Я его не боялась. В отличие от ГПУ. Поэтому посмотрев несколько секунд ему во встревоженные глаза, вздохнула.
– Хорошо.
Семён с облегчением улыбнулся, помедлил несколько секунд, подошёл ко мне, неловко ткнулся губами в щеку. Выпрямился.
– Тебе нужно будет иногда заходить ко мне в комнату. Олёна строчит на вас с Зикой, я видел доносы.
Тогда я не оценила его поступка по достоинству. Ведь не доставляло никакого труда доказать, что я никакая никому не гражданская жена. В одной с нами квартире жила доносчица. Мы с Зикой раздражали её тем, что молча не одобряли её грубое, вульгарное поведение. Подселенка пьяно ругалась в коридоре и на кухне, а Зика вечерами играла иногда на рояле. И хорошо, задушевно играла. Такой контраст был, видимо, дополнительным стимулом для Олёниных упражнений в эпистолярном жанре. Семён шел на серьёзный риск, чтобы нас с Зикой не трогали.
Отец Владимир, когда узнал обо всём, тяжело вздохнул и долго молчал.
– Я не подумал об этой угрозе, – сказал он, наконец, не поднимая глаз. – Вы же совсем ещё девчонки.
Отца Владимира тоже, естественно, вызывали на Лубянку. Требовали доносить на патриарха. Батюшка наотрез отказался.
Народные волнения в связи с переходом на Новый стиль всё усиливались. Резолюцию патриарха Тихона об отмене в богослужебной практике " нового" календарного стиля я тоже отлично помню. Её мы с Зикой переписывали в сотнях экземпляров на уже обычной, не очень хорошей бумаге, на половинках и четвертушках.
"Повсеместное и обязательное введение нового стиля в церковное употребление временно отложить..."
Советская власть не простила Первосвятителю явного неподчинения. Владыка Илларион был арестован. Канцелярию опечатали, делопроизводство вновь остановилось.

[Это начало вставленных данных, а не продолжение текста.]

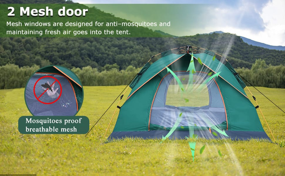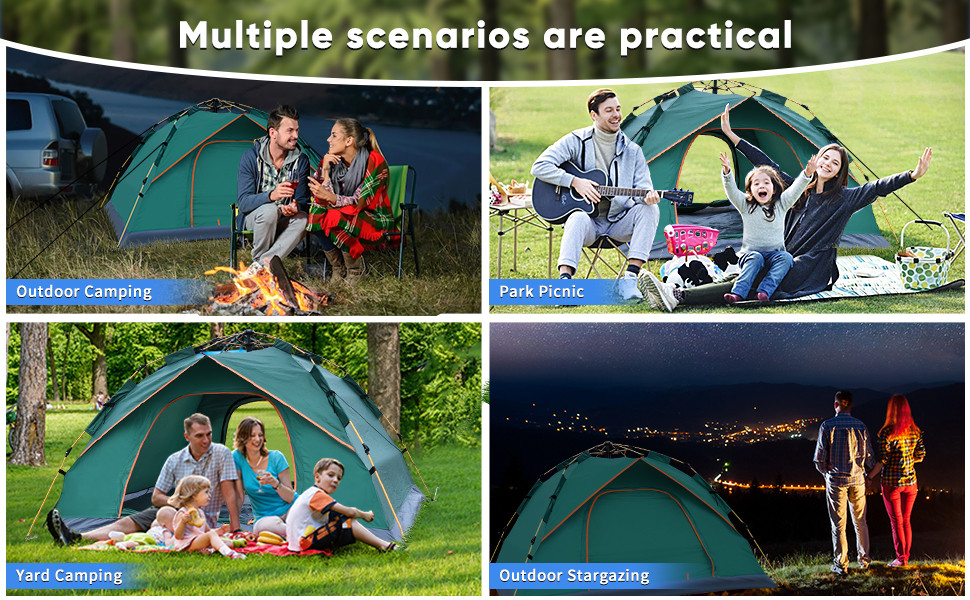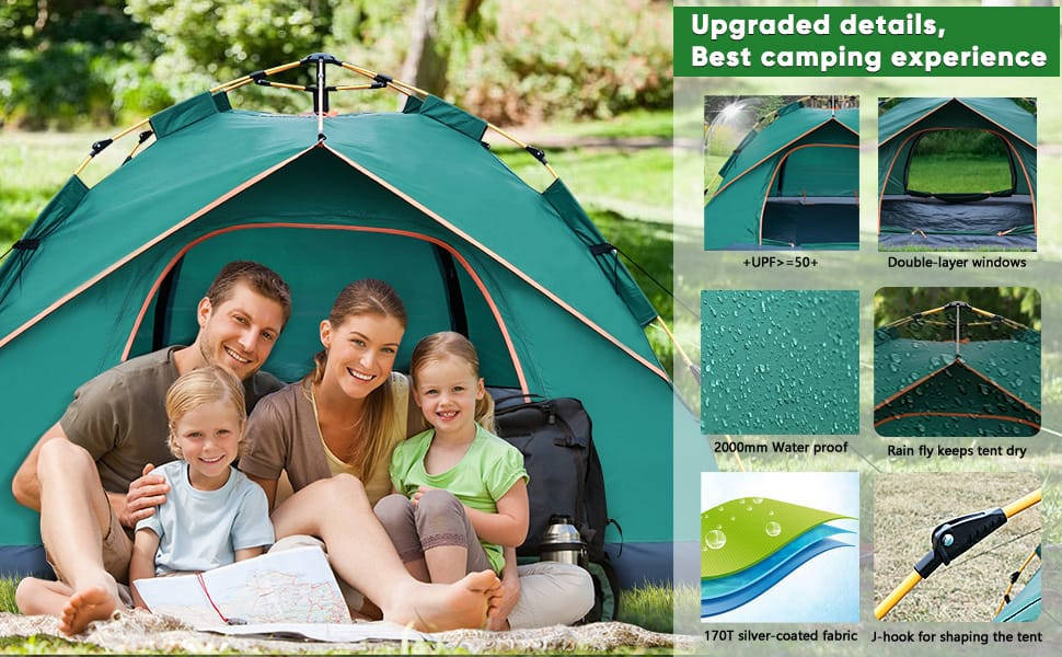 • Family travel Fully automatic quick-open tent Easy to set up Silver rubber sunscreen Breathable ventilation Insect proof Rain proof Two sizes Comfortable and light travel

Обновленцы, сильно приунывшие после того, как патриарх Тихон был отпущен на свободу, снова начали действовать. У них появился новый руководитель, епископ Евдоким Мещеряков, бывший ректор Московской Духовной Академии, умный, образованный, в нем чувствовалась порода. Я разок видела, как он выходит от Патриарха, не в силах скрыть свое раздражение. О нашем первосвятителе епископ Евдоким отозвался так: "Все хи-хи да ха-ха. Да гладит кота". А что же он думал, Патриарх ему будет душу изливать?!
Патриарх Тихон действительно нес в себе негаснущий свет радости. Было невероятным счастьем, получить его благословение. Ради этого стоило пойти на риск, привлечь к себе снимание ГПУ работой в его канцелярии. Стоило, и отец Владимир это тоже понимал, давая мне время от времени поручения, позволявшие увидеть патриарха Тихона. Патриарх приносил с собой неземную радость. А ведь в то время гибла церковь, расстреливали самых прекрасных людей на земле. Епископа Иллариона, духовного сына и правую руку Первосвятителя, (я видела один раз, с какой любовью патриарх Тихон смотрел на владыку, заехав в Сретенский монастырь) сослали в концентрационный лагерь на Соловках. Оттуда епископ Илларион не вернулся.
Спустя несколько дней после ареста митрополита Иллариона в ночь на праздник Знамения Богородицы был застрелен любимый келейник патриарха Яков Полозов. Он со своей семьей жил вместе с патриархом Тихоном в маленьком домике у ворот Донского монастыря. Тем вечером они все вместе готовились отмечать день рождения Наташи Полозовой, жены Якова. Подготовили праздничный ужин. Но в дом внезапно ворвались неизвестные, грянули выстрелы... Так карался Патриарх за независимую от светской власти церковную политику. Я уже писала, что Тучков, руководивший антицерковной деятельностью ГПУ, считал себя психологом.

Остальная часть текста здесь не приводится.